DATA TO EXAMINE:
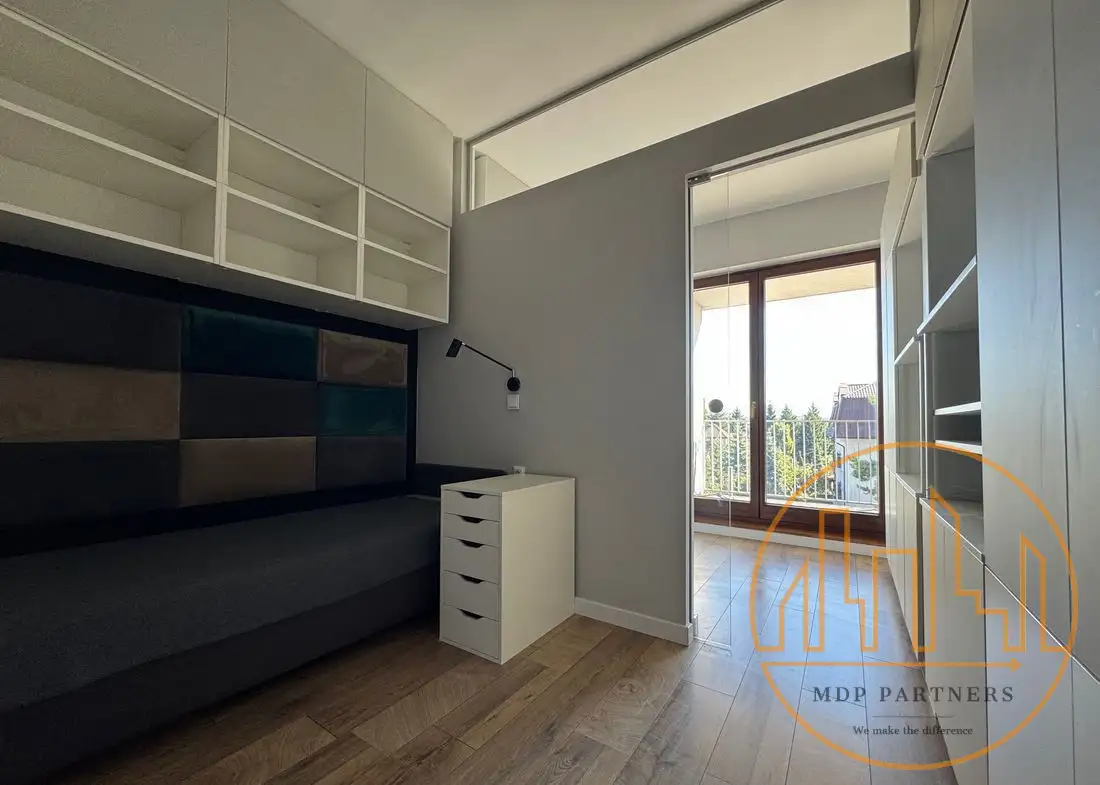 Druga sypialnia podzielona lekką ścianką gipsowo - kartonową z przeszkleniem w górnym pasie oraz suwanymi szklanymi drzwiami. Taki podział zapewnia mnóstwo możliwości - idealne dla rodzeństwa, pracy zdalnej.
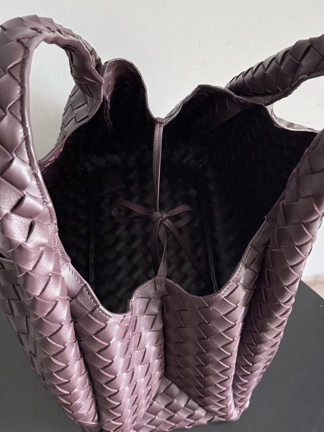 新品来袭!Bottega Veneta葆蝶家2025新品Campana肩背包上市啦~首先夸夸这款包包的自重,作为一款不算很小的包包,它非常的轻便日常,对于我这种出门需要携带很多随身物品的人来说这个优点真是太棒了,很大程度减轻了出行的负担在造型上有点像是Parachute和Jodie的结合体,钝钝的三角造型可爱憨厚,背出门逛街就是心情好的加速器,提手和包身都是经典编织,在原本的敞口设计上加了系带,如果没有系起来,包包拎起来就会有小菜篮的造型哦 款号:844250 尺寸:39*24*18.5Cm
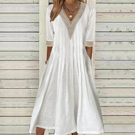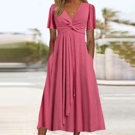 $67.99Original price was: $67.99.$50.99Current price is: $50.99.Description: Pattern Type: Plain V-neck Sleeve Length: Short Sleeve Dress Length: Midi Silhouette: A-line Side Pockets Material: 35% Elastane, 65% Rayon Machine Washable Size Chart: Size Bust Length Sleeves inch cm inch cm inch cm S 36 92 46 117 5 12.5 M 38 96 47 120 5 13 L 40 101…
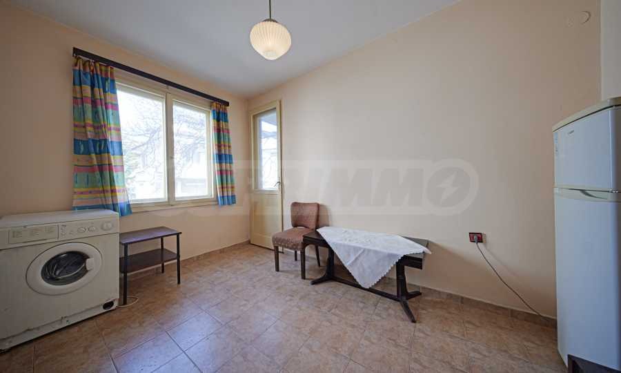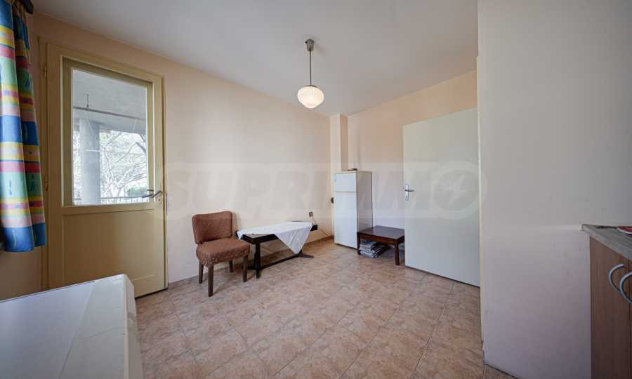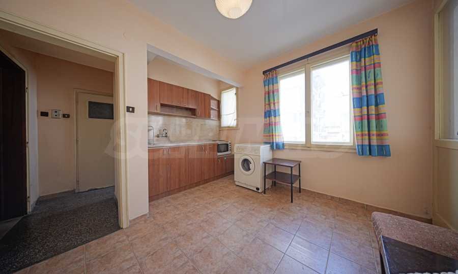 Апартаментът заема втори етаж от общо четири в сграда с добре поддържани общи части.Разполага с мазе 6 кв.м . Изложението е изток/юг/север. Нуждае се от ремонт .
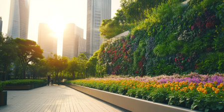 A futuristic city park with towering vertical gardens, sleek walkways, and vibrant flower beds. The setting combines nature with modern design, showing a harmonious urban environment.
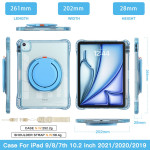 Découvrez notre coque polyvalente pour iPad Air 11 (2025) (2024)/Air (2022) (2020)/ Pro 11 (2022) (2021) (2020) (2018), dotée d'une poignée rotative à 360°, d'une protection intégrale du corps, de coins absorbant les chocs, d'un support réglable, d'un dos en acrylique transparent et d'une bandoulière en nylon réglable.
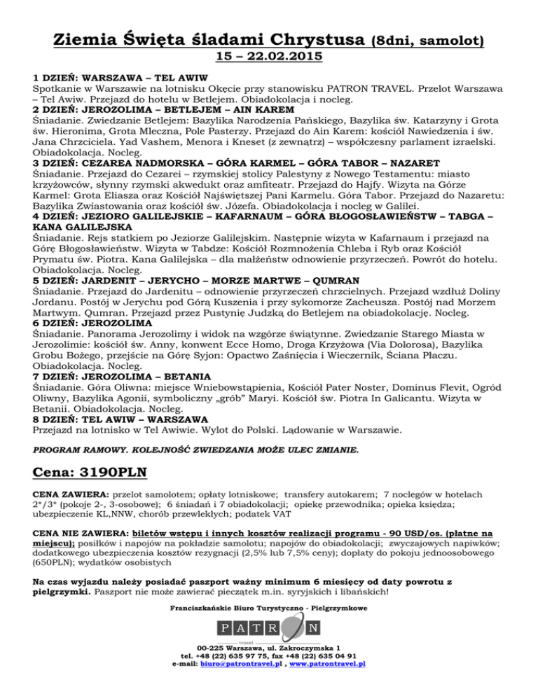 15-22.02.2015 ZIEMIA ŚW - ŚLADAMI CHRYSTUSA program

EXERCISE PROMPT: Write out every record exactly. Leave the pictures out.

RESPONSE AREA:
 Druga sypialnia podzielona lekką ścianką gipsowo - kartonową z przeszkleniem w górnym pasie oraz suwanymi szklanymi drzwiami. Taki podział zapewnia mnóstwo możliwości - idealne dla rodzeństwa, pracy zdalnej.
 新品来袭!Bottega Veneta葆蝶家2025新品Campana肩背包上市啦~首先夸夸这款包包的自重,作为一款不算很小的包包,它非常的轻便日常,对于我这种出门需要携带很多随身物品的人来说这个优点真是太棒了,很大程度减轻了出行的负担在造型上有点像是Parachute和Jodie的结合体,钝钝的三角造型可爱憨厚,背出门逛街就是心情好的加速器,提手和包身都是经典编织,在原本的敞口设计上加了系带,如果没有系起来,包包拎起来就会有小菜篮的造型哦 款号:844250 尺寸:39*24*18.5Cm
 $67.99Original price was: $67.99.$50.99Current price is: $50.99.Description: Pattern Type: Plain V-neck Sleeve Length: Short Sleeve Dress Length: Midi Silhouette: A-line Side Pockets Material: 35% Elastane, 65% Rayon Machine Washable Size Chart: Size Bust Length Sleeves inch cm inch cm inch cm S 36 92 46 117 5 12.5 M 38 96 47 120 5 13 L 40 101…
 Апартаментът заема втори етаж от общо четири в сграда с добре поддържани общи части.Разполага с мазе 6 кв.м . Изложението е изток/юг/север. Нуждае се от ремонт .
 A futuristic city park with towering vertical gardens, sleek walkways, and vibrant flower beds. The setting combines nature with modern design, showing a harmonious urban environment.
 Découvrez notre coque polyvalente pour iPad Air 11 (2025) (2024)/Air (2022) (2020)/ Pro 11 (2022) (2021) (2020) (2018), dotée d'une poignée rotative à 360°, d'une protection intégrale du corps, de coins absorbant les chocs, d'un support réglable, d'un dos en acrylique transparent et d'une bandoulière en nylon réglable.
 15-22.02.2015 ZIEMIA ŚW - ŚLADAMI CHRYSTUSA program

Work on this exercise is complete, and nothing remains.